Leave out the pictures and repeat the data exactly.

═════ Collected material ═════

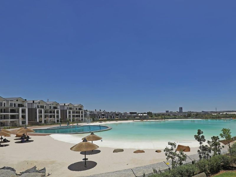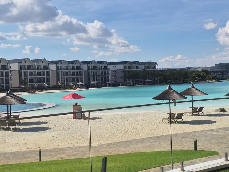 Resort-style living at Munyaka Lifestyle Estate in Waterfall City, with lagoon access and a private balcony with built-in braai — top-floor, two-bed, two-bath, two covered parking.
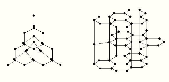 рис. 13 Шары второго слоя, для того чтобы они легли наиболее плотно, должно быть помещены в лунки первого слоя. Заполнить все лунки шарами того же самого размера нельзя, поэтому лунки заполняются через одну. Предположим, лунки отмеченные крестиком, остались пустыми, а лунки, отмеченные точками, заполнены шарами, очевидно, характер плотной упаковки не изменился бы, если бы шарами заполнили лунки, отмеченные крестиком. Плотную упаковку из трёх слоёв можно сделать двумя различными способами. Действительно, чтобы получить плотнейшую упаковку, мы должны укладывать шары третьего слоя в лунки второго слоя. Однако шары третьего слоя при этом можно расположить либо так, что центры их будут лежать над лунками первого слоя, либо так, чтобы центры их лежали над центрами шаров первого слоя. Эти две трёхслойные постройки имеют одинаковую плотность упаковки, но структурно они отличаются друг от друга. Первой из них соответствует гранецентрированная кубическая элементарная ячейка, второй - гексанальная. При этом каждый атом, находящийся внутри упаковки, имеет 12 соседей.
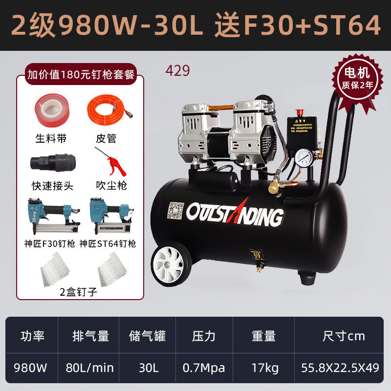 Otus 공기 압축기 작은 공기 펌프 목공 페인트 장식 고압 증기 220V 음소거 오일 프리 압축기스토어 가기

═════

- Response for this exercise -
 Resort-style living at Munyaka Lifestyle Estate in Waterfall City, with lagoon access and a private balcony with built-in braai — top-floor, two-bed, two-bath, two covered parking.
 рис. 13 Шары второго слоя, для того чтобы они легли наиболее плотно, должно быть помещены в лунки первого слоя. Заполнить все лунки шарами того же самого размера нельзя, поэтому лунки заполняются через одну. Предположим, лунки отмеченные крестиком, остались пустыми, а лунки, отмеченные точками, заполнены шарами, очевидно, характер плотной упаковки не изменился бы, если бы шарами заполнили лунки, отмеченные крестиком. Плотную упаковку из трёх слоёв можно сделать двумя различными способами. Действительно, чтобы получить плотнейшую упаковку, мы должны укладывать шары третьего слоя в лунки второго слоя. Однако шары третьего слоя при этом можно расположить либо так, что центры их будут лежать над лунками первого слоя, либо так, чтобы центры их лежали над центрами шаров первого слоя. Эти две трёхслойные постройки имеют одинаковую плотность упаковки, но структурно они отличаются друг от друга. Первой из них соответствует гранецентрированная кубическая элементарная ячейка, второй - гексанальная. При этом каждый атом, находящийся внутри упаковки, имеет 12 соседей.
 Otus 공기 압축기 작은 공기 펌프 목공 페인트 장식 고압 증기 220V 음소거 오일 프리 압축기스토어 가기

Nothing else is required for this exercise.